▸ DIRECTIONS FOR THIS TASK:
Go through the listing below and repeat it exactly, omitting each picture.

▸ ENTRIES SHOWN:
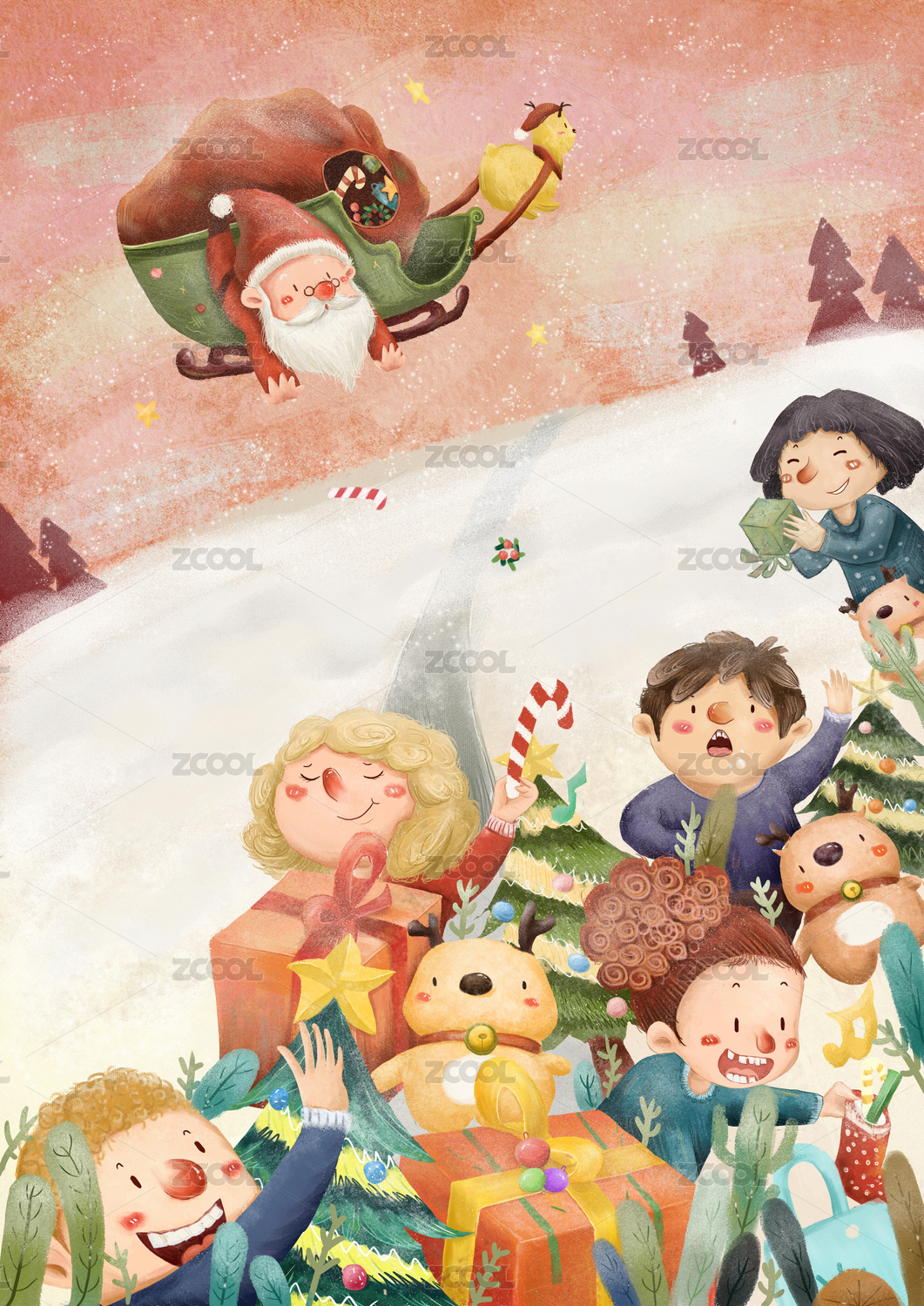 圣誕手繪插畫海報啟動頁
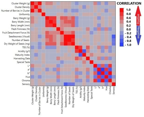 Analysis of the results of correlations on a graph of the criteria used in evaluating the different fruit traits of the grape hybrid genotypes indicated that some criteria had a very highly positive relationship with each other. In contrast, other criteria showed a highly negative relationship (Figure 3). It was found that the criteria evaluating cluster-related traits showed a highly positive relationship each other. Similar connections were noticed in the criteria related to berry size/dimensions and seed number. A negative relationship between seed status and sensory test score was determined. It was also confirmed that colour values had both highly positive and negative correlations, due to their inverse relationship.
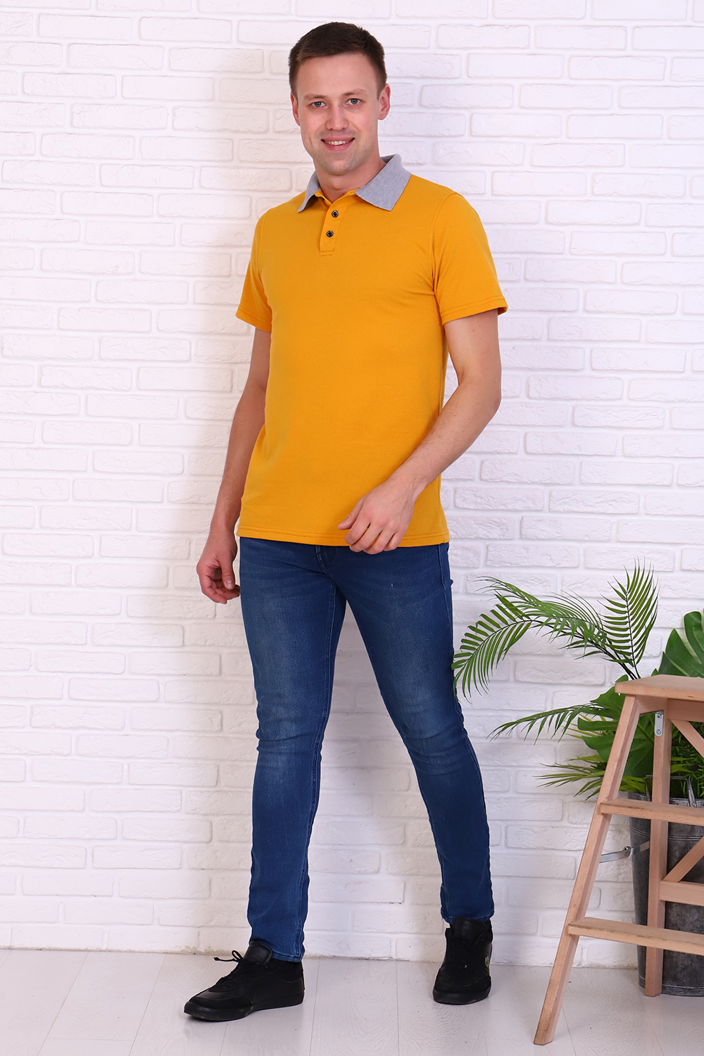 Футболка поло мужская из ткани лакост пенье 100% хлопок. Воротник на футболке вязаный, светло-серого цвета, планка на 3 пуговицы из основной ткани, рукав под подшивку. Футболка удобная и комфортная, подойдет для повседневной носки, прогулок и отдыха, после стирки сохраняет цвет и форму.
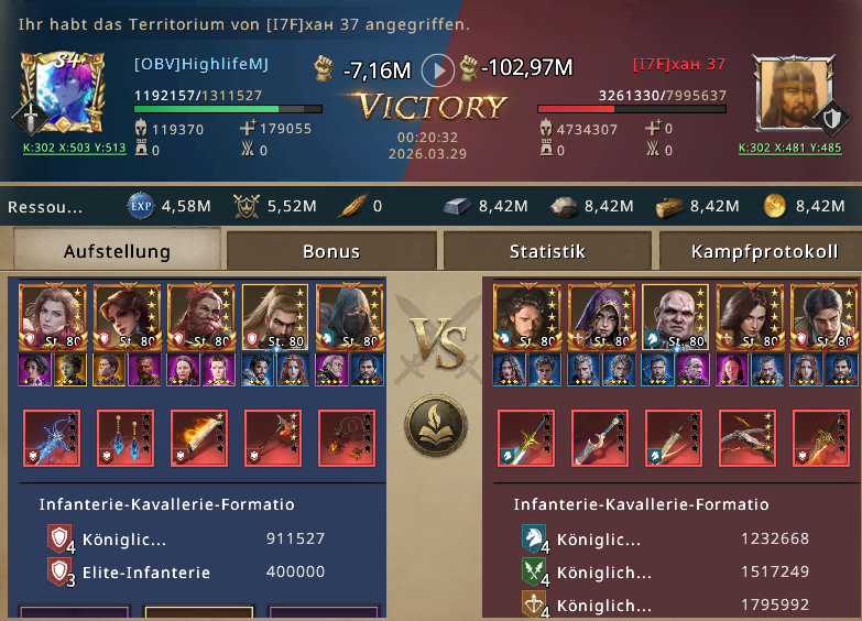 He’s known as a very friendly and helpful guy. But he’s gotten a taste for blood and doesn’t care about merit points. He wants to destroy his enemies. HighlifeMJ noticed that another scout had appeared on K302 and was trying to snatch his targets. So he had to hurry and couldn't afford to waste any time. But his collectors were still out there, and they needed about two more minutes. He decided to speed them back in quickly before it was too late. HighlifeMJ swapped his rebel armor for his war armor. He activated the army size buff, took a Level 60 Lord, polished his rusty sword and armor. He saddled his horses and his dragon. And set off on his journey to Kingdom 302.
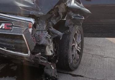 En el lugar, el conductor de una camioneta GMC en color negro se imapctó contra un Chevrolet Malibú en color gris.
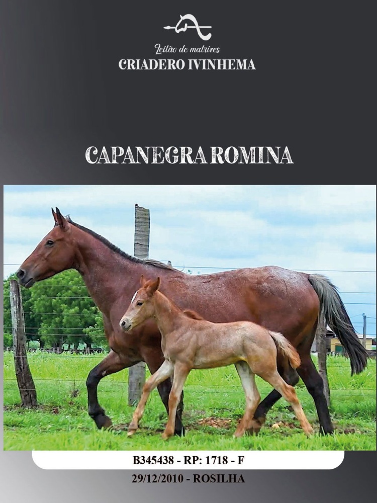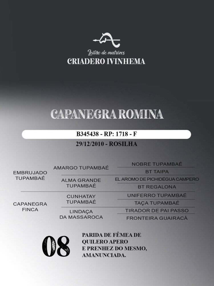CAPANEGRA ROMINAPai: EMBRUJADO TUPAMBAÉMãe: CAPANEGRA FINCAObs: CUNHATAY TUPAMBAÉ
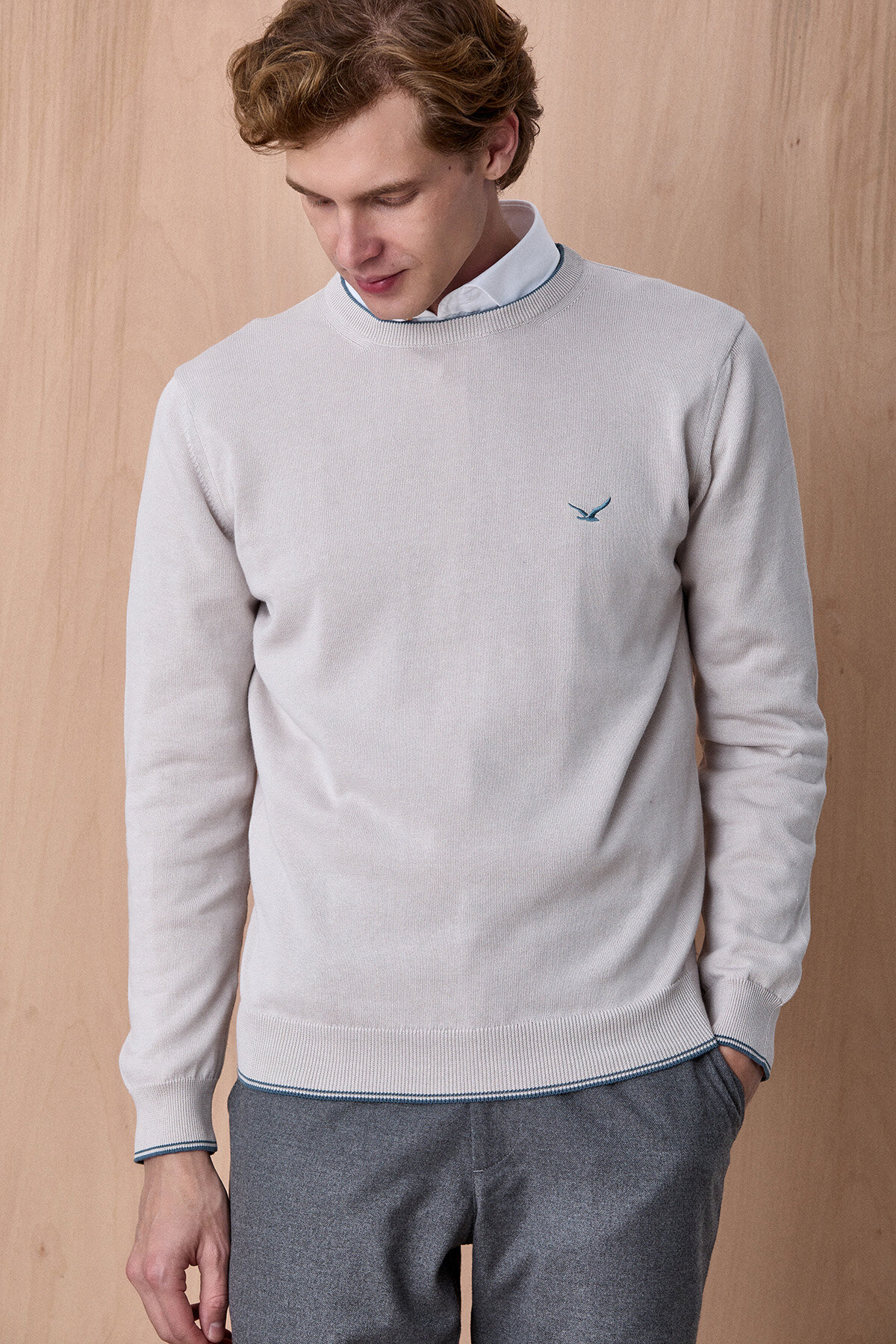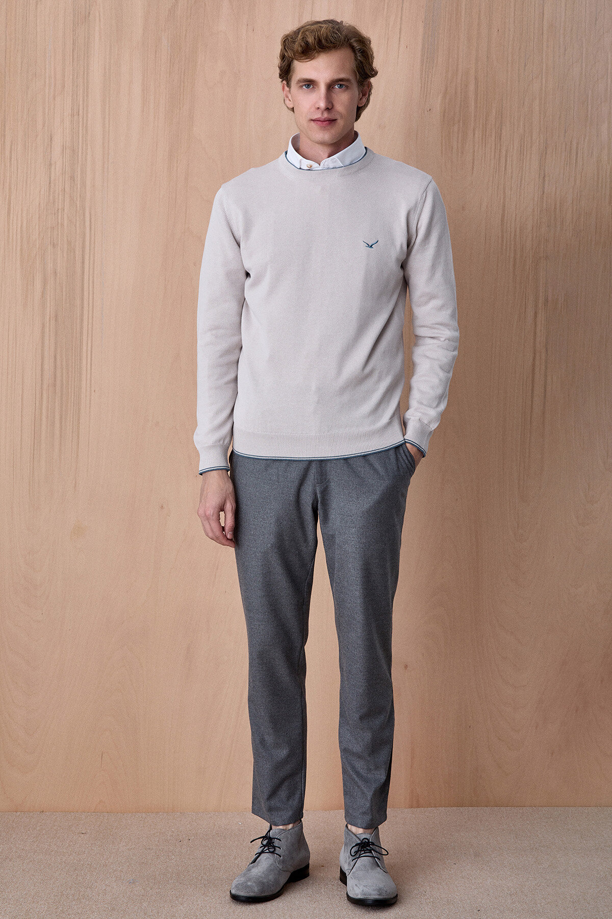 - • Klasik ve zamansız bisiklet yaka tasarım

▸ RESPONSE BELOW:
 圣誕手繪插畫海報啟動頁
 Analysis of the results of correlations on a graph of the criteria used in evaluating the different fruit traits of the grape hybrid genotypes indicated that some criteria had a very highly positive relationship with each other. In contrast, other criteria showed a highly negative relationship (Figure 3). It was found that the criteria evaluating cluster-related traits showed a highly positive relationship each other. Similar connections were noticed in the criteria related to berry size/dimensions and seed number. A negative relationship between seed status and sensory test score was determined. It was also confirmed that colour values had both highly positive and negative correlations, due to their inverse relationship.
 Футболка поло мужская из ткани лакост пенье 100% хлопок. Воротник на футболке вязаный, светло-серого цвета, планка на 3 пуговицы из основной ткани, рукав под подшивку. Футболка удобная и комфортная, подойдет для повседневной носки, прогулок и отдыха, после стирки сохраняет цвет и форму.
 He’s known as a very friendly and helpful guy. But he’s gotten a taste for blood and doesn’t care about merit points. He wants to destroy his enemies. HighlifeMJ noticed that another scout had appeared on K302 and was trying to snatch his targets. So he had to hurry and couldn't afford to waste any time. But his collectors were still out there, and they needed about two more minutes. He decided to speed them back in quickly before it was too late. HighlifeMJ swapped his rebel armor for his war armor. He activated the army size buff, took a Level 60 Lord, polished his rusty sword and armor. He saddled his horses and his dragon. And set off on his journey to Kingdom 302.
 En el lugar, el conductor de una camioneta GMC en color negro se imapctó contra un Chevrolet Malibú en color gris.
CAPANEGRA ROMINAPai: EMBRUJADO TUPAMBAÉMãe: CAPANEGRA FINCAObs: CUNHATAY TUPAMBAÉ
 - • Klasik ve zamansız bisiklet yaka tasarım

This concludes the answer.